While a federal circuit court delivered some potentially good news for Obamacare on Thursday by throwing out an earlier ruling against the administration in the case of Halbig V. Burwell, some legal experts are still convinced the law will head back to the Supreme Court.
If that happens, the Affordable Care Act, known as Obamacare, could be in jeopardy.
The legal issue centers on whether subsidies provided to people who signed up for coverage through the federal exchange are valid. The law’s language clearly states that subsidies would be available to “those enrolled through an Exchange established by the State.”
Four cases have challenged the law’s language, saying people on the federal exchange should not be receiving subsidies.
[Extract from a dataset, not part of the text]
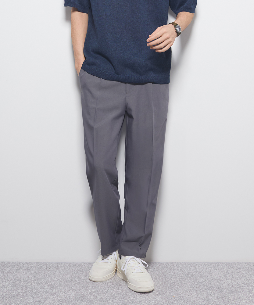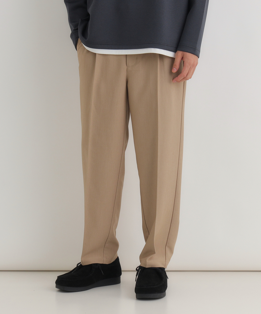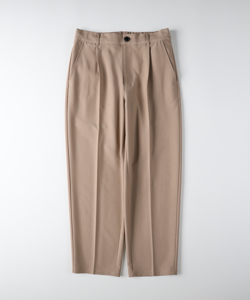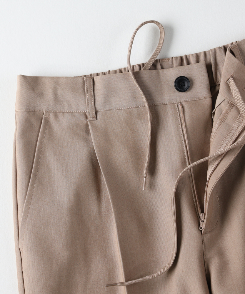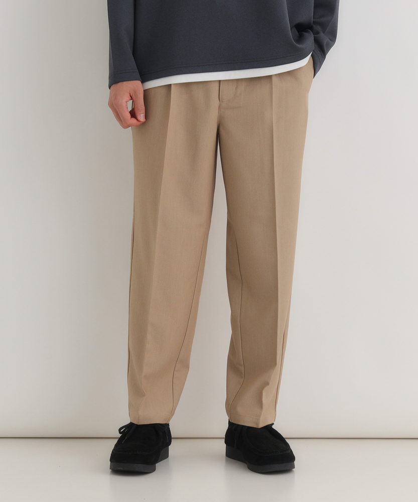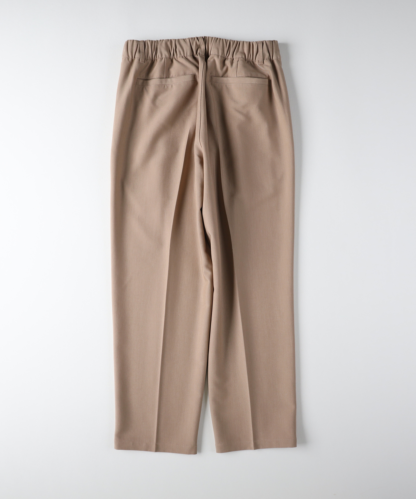 休日も楽にカッコよく。ウエストゴム&シワになりにくくて楽!大人の1ランク上のカジュアルスタイルに。TRトラウザーシリーズ■Point・腰周りはゆったり、裾に向かってすっきりとしたテーパードシルエット。・ウエストゴムで楽な穿き心地。・シワになりにくい素材でお手入れもラク【仕様】洗練されたテーパードシルエットが特徴のトラウザー。フロントのタックが立体感を生み出し、スタイリッシュな印象を与えます。ウエストはゴム仕様で、快適な着用感を実現しています。【素材】 軽やかなTR素材を使用。シワになりにくく、動きやすさを兼ね備えたこのパンツは、デイリーユースに最適です。さらりとした肌触りで、季節を問わず快適に着用できます。 【スタイリング】シンプルなTシャツやシャツと合わせて、大人のカジュアルスタイルに幅広く対応。休日のカジュアルコーデの外しにオススメ。 【楽して上品。TRトラウザーシリーズ】TRトラウザーシリーズ▶

In July, a three-judge panel for the D.C. Circuit Court of Appeals ruled against the administration saying Obamacare’s subsidies distributed through the federal exchange were invalid.
The panel’s decision was at odds with a separate ruling on the matter by the Fourth Circuit, which ruled in favor of the administration. The dueling court rulings, at the time, positioned the case to be heard before the Supreme Court.
On Thursday, the DC Circuit Court of Appeals announced it would rehear the case en banc, meaning all 11 judges would review the case. And since the majority of the bench is made up of democratic appointed judges, many following the case expect the court to side with the administration. If this happens and there are no dueling Circuit Court rulings on the case, some experts say it has less of a chance to be reviewed by the Supreme Court.
Others disagree, and think the case will eventually end up in front of the SOTUS, regardless.
Mark Rust, the managing partner of the Chicago office of Barnes & Thornburg, LLP, says he is quite confident that the Supreme Court will likely hear the case on Obamacare subsidies due to its high profile and national policy implications. He also pointed out that there are still at least two other Circuit Courts that have yet to offer rulings on the matter.
“The bottom line is that the Supreme Court will likely be interested in considering the case, especially in this environment of ongoing complaints over the president’s use of regulatory power,” Rust said, noting that only four justices have to agree to hear the case.
He added that if the Supreme Court does indeed hear the case, he expects Chief Justice John Roberts to be “a literalist on the statute.”
“The only question to be asked is, is the language plain or is it not…Right away in Section 13-11 of the law, it starts right out saying ‘states shall establish an exchange’… it’s pretty doggone clear,” Rust said.
He went on to say it would ultimately rest with Congress to change the language of the law to include the federal exchange.
If the Supreme Court strikes down the subsidies, Rust said lawmakers will have an incentive to take action quickly, since “it will be a live issue during the 2016 presidential election, and that won’t be good politically for anyone—especially politicians who are anti-ACA, since their constituents will be the ones losing their subsidies.”
For now though, lawyers say regardless of how any of the Circuit Courts rule, people should still be able to receive subsidies in the fall, and will be able to continue doing so unless the Supreme Court strikes that down.